A Play on Two Chairs | Strand Theatre Company

Theatre Feature

10 February 2012 (Theatre Review)

Star Rating: 2.5/5

Venue: The Project Arts Centre
Directed by: Leona Nally
Written by: Michael West
Starring: Karoline Rose O'Sullivan and Andrew Adamson

In a relationship we can be painstakingly close to our beloved - or excruciatingly far apart. Michael West's 1989 debut, A Play on Two Chairs, explores what sends us to either state, examining the way we react and interact with our paramour. Combining a rapid physicality with overwhelming humour, Strand Theatre Company's production is familiar, and funny within that.
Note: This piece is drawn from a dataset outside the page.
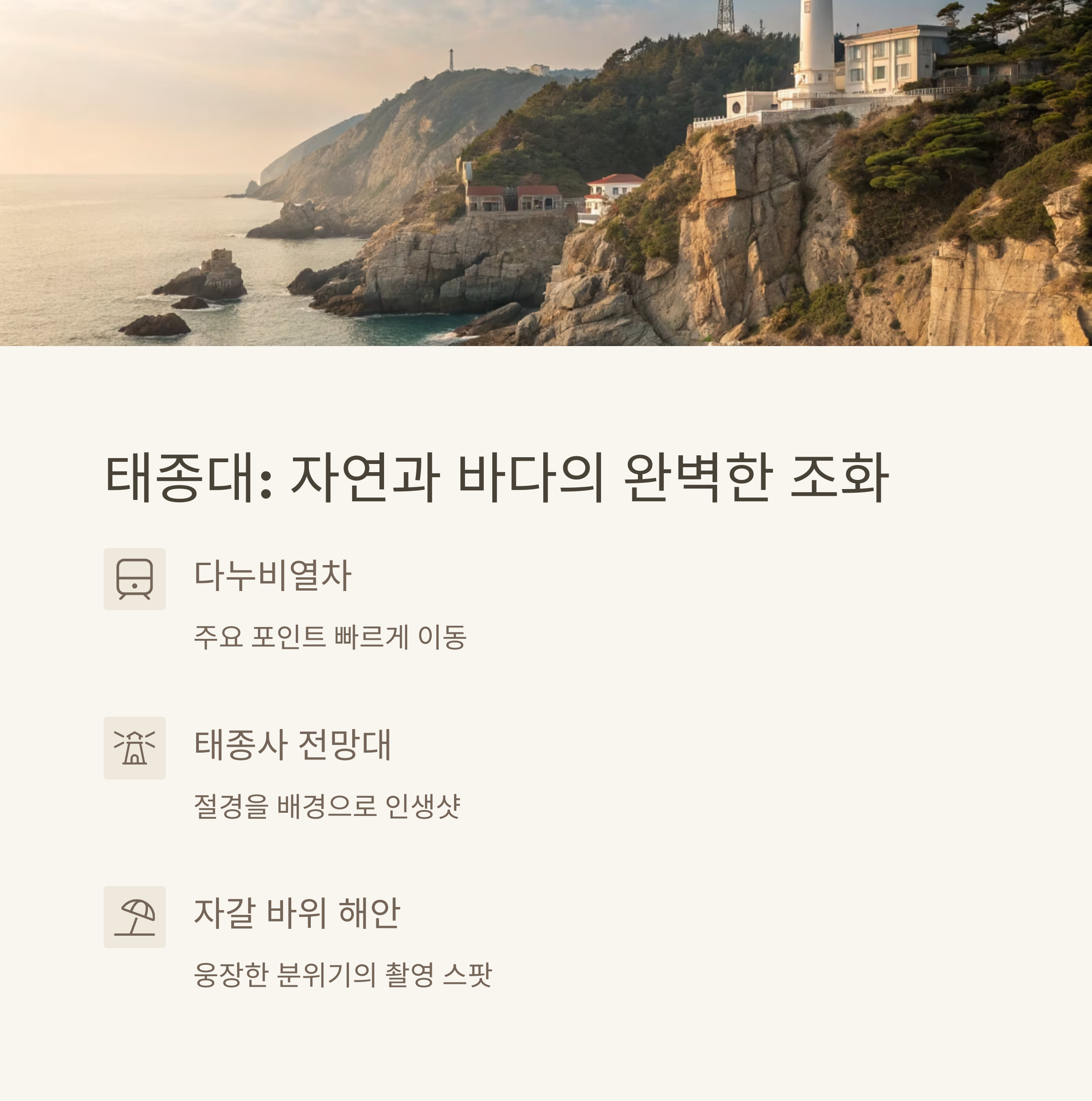 | 태종대 | 자연 경관 | 다누비열차 활용 | 정오 전후 |

But it lacks sufficient pathos for us to connect with what's put on the stage.

Two actors (Karoline Rose O’Sullivan and Andrew Adamson) and two chairs engage in a flirtation that starts off coy becomes knowing, manipulates, frustrates and ends in an energetic ride. The prudish then playful physicality continues into the morning with apt animalisation woven throughout, making the mating dance seem both predatory and child like, creating an awkward air that should leave us askew.

Unfortunately the company seems more interested in pursuing the giddy humour sprinkled through West's script rather than exploring the darker subtext that boils beneath the whimsy. When you're pissing yourself and not even a little disturbed by an imagined confrontation between a rapist and a vengeful victim you know a point has been missed. There's no sense of the anger, pain, competitiveness or the finickiness that can drive one to drink, or darker, and the rushed pace diminishes the juvenile spark between the leads.

What's lacking is clarity. I was never sure if this was a surreal interpretation of one couple's despair or a collection of unrelated spiels. Director Leona Nally hasn't framed them in anyway to make this clear and hasn't pushed her performers to express anything beyond their surface expressions.The mirth relies too heavily on the combative nature of the leads, with little time given to the frustration that initiates it, nor the valid points raised by the playwright, such as a is it the thought or the cost that counts.

A Play on Two Chairs needed a more thorough finessing, a sharper eye and a braver physicality than Strand Theatre Company have given it.